-- YOUR OBJECTIVE --
Excluding pictures, give the entries again exactly as they appear.

-- EXTRACTED DATA --
*** Block opens ***
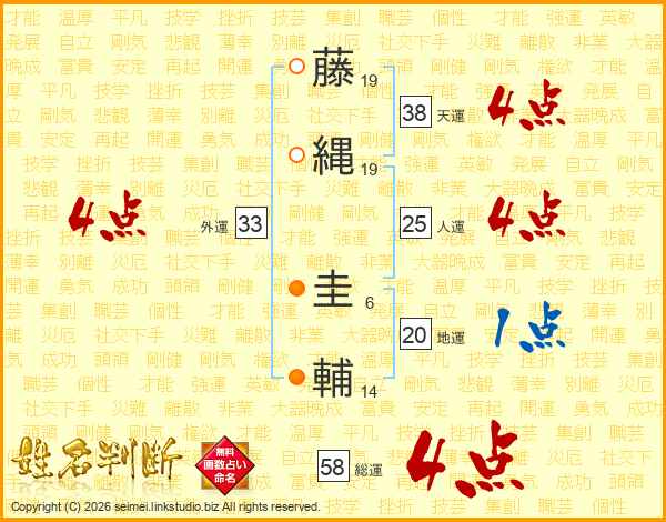 藤縄圭輔さんの総運は58画の4点!
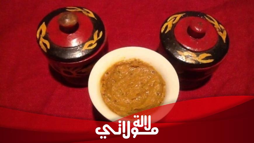 المكونات : ملعقة كبيرة من الخزامى المطحونة + ملعقة من الزعتر المطحون + ملعقة من الغاسول الأخضر + ملعقة من بودرة الزاز + نصف ملعقة من بودرة الودعة + ملعقة من النيلة البيضاء + حبات من الخردل المطحون + عصير الليمون حسب الكمية.
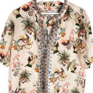 Johnny Was Workshop Top Second Loves Embroidered Bird Flower Print Medium
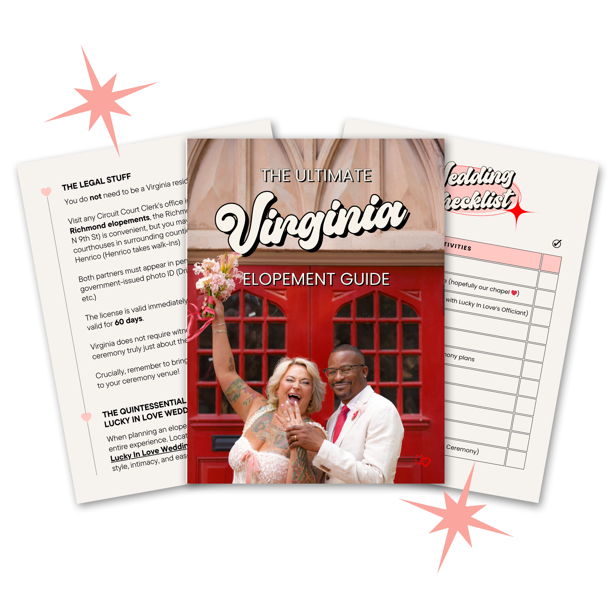 Planning your dream elopement in Richmond, VA? Download our free Elopement Guide to help you get started! Packed with expert tips, location ideas, vendor recommendations, and a step-by-step planning checklist, this guide is your go-to resource for a stress-free, intimate celebration. Simply click the button and the guide will be delivered straight to your downloads.
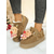 حذاء بكعب إسفيني من جلد الغزال البني للنساء مع أطراف من الفرو الصناعي - تصميم أنيق برباط مع شرابات، حذاء شتوي دافئ ومريح للارتداء غير الرسمي والأنشطة الخارجية
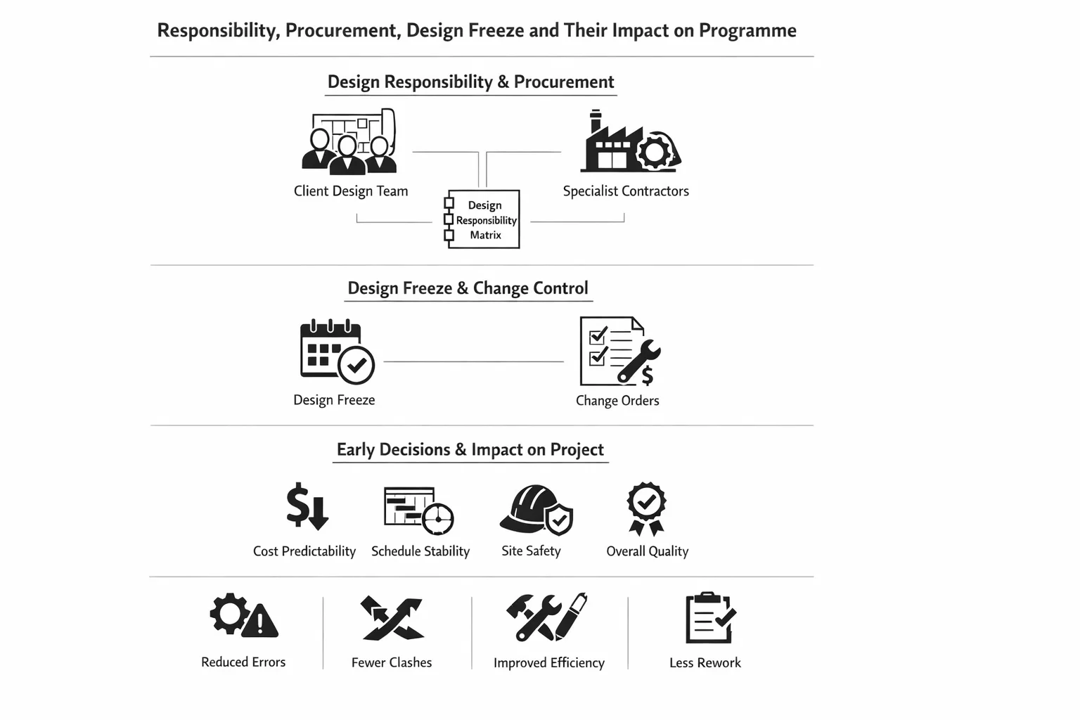 Technical design does not sit in isolation. The way responsibility is structured, how procurement is arranged, and when the design is frozen all influence what happens later on site. These decisions may seem administrative, but they shape coordination, risk, and ultimately cost and schedule performance.
*** Block closes ***
-- ANSWER SECTION --
 藤縄圭輔さんの総運は58画の4点!
 المكونات : ملعقة كبيرة من الخزامى المطحونة + ملعقة من الزعتر المطحون + ملعقة من الغاسول الأخضر + ملعقة من بودرة الزاز + نصف ملعقة من بودرة الودعة + ملعقة من النيلة البيضاء + حبات من الخردل المطحون + عصير الليمون حسب الكمية.
 Johnny Was Workshop Top Second Loves Embroidered Bird Flower Print Medium
 Planning your dream elopement in Richmond, VA? Download our free Elopement Guide to help you get started! Packed with expert tips, location ideas, vendor recommendations, and a step-by-step planning checklist, this guide is your go-to resource for a stress-free, intimate celebration. Simply click the button and the guide will be delivered straight to your downloads.
 حذاء بكعب إسفيني من جلد الغزال البني للنساء مع أطراف من الفرو الصناعي - تصميم أنيق برباط مع شرابات، حذاء شتوي دافئ ومريح للارتداء غير الرسمي والأنشطة الخارجية
 Technical design does not sit in isolation. The way responsibility is structured, how procurement is arranged, and when the design is frozen all influence what happens later on site. These decisions may seem administrative, but they shape coordination, risk, and ultimately cost and schedule performance.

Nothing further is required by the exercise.